She sighed. “Okay. Why?”
His grin widened, his teeth looking white and straight in the darkness. “’Cause, you kinda are Will. Girl Will. And he figures Mrs. Ritter’ll start seein’ that, too.”
He’d meant it as a compliment. So that was how she took it.
I watched as the biggest American flag I’d ever seen was hoisted into the late-morning sky. The size of a bedsheet, it caught the wind and whipped out to its full glory over the roof of the Capitol building, symbolizing the Land of the Free and the Home of the Brave—and, more specifically, that the United States Senate was now in session.
The guy doing the hoisting was a short, stocky man in his fifties named Charles O’Mally. O’Mally was the Senate’s Sergeant at Arms. Having that title didn’t mean that he went around the Capitol armed, or even in uniform. His responsibilities centered around making sure everything went smoothly for the one hundred senators in the fancy chamber downstairs. He had a staff, called Doorkeepers and, of course, he had thirty Senate pages to do his grunt work.
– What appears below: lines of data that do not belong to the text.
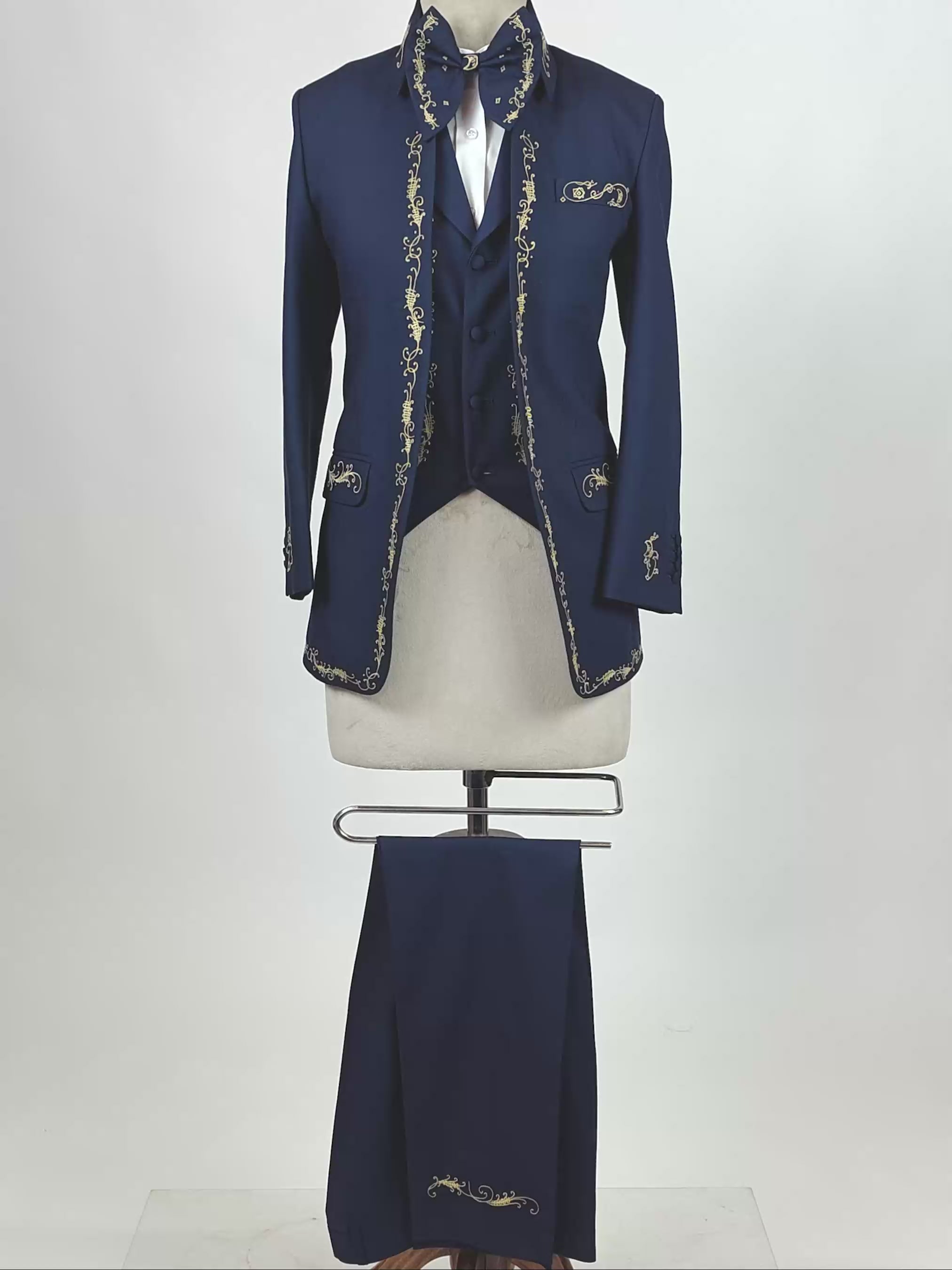 This navy embroidered mariachi suit features rich gold and floral hand embroidery inspired by classic Western and mariachi artistry. Crafted from premium fabric with a sharp, tailored fit, it offers both elegance and comfort. Ideal for weddings, cultural events, stage performances, fiestas, and special occasions, this statement suit is custom-made to order for a flawless finish and standout style.
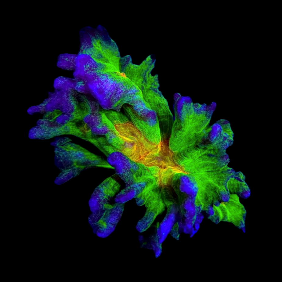 Pectinia alcicornis, commonly known as the Space Invader, is one of the most striking and recognizable chalice-type LPS corals in the reefing world. Characterized by its vivid neon-green tissue contrasted with glowing yellow eyes and deep purple skeletal ridges, this coral’s architecture is as dramatic as its color. The elongated, antler-like ridges and undulating valleys give it a sculptural appearance, while its intense fluorescence under blue-spectrum lighting makes it an unmistakable centerpiece in any reef display.
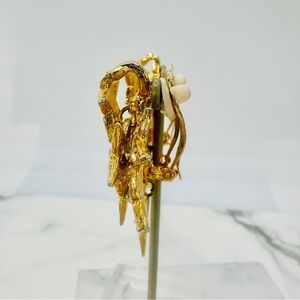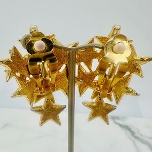 Vintage 80s Star Cluster Shower Earrings Clip On Crystal Disco Glam Articulated Dangle Gold-Tone
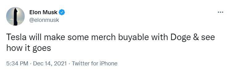 “เทสลาจะอนุญาตให้ลูกค้าสามารถซื้อสินค้าบางรายการด้วย Dogecoin และเราจะดูว่าเป็นอย่างไร” นายมัสก์กล่าว

But none of them was here, running Old Glory up its flagpole. The Sergeant at Arms preferred to handle this duty himself.
And me? Well, I was here because I’m a redhead.
O’Mally was very Irish-American. He wore an American flag pin on one lapel and a shamrock on the other. His hair was as red as mine, and that’s saying something—a fact he noticed the moment Sharyn and I reported to his office on Monday morning.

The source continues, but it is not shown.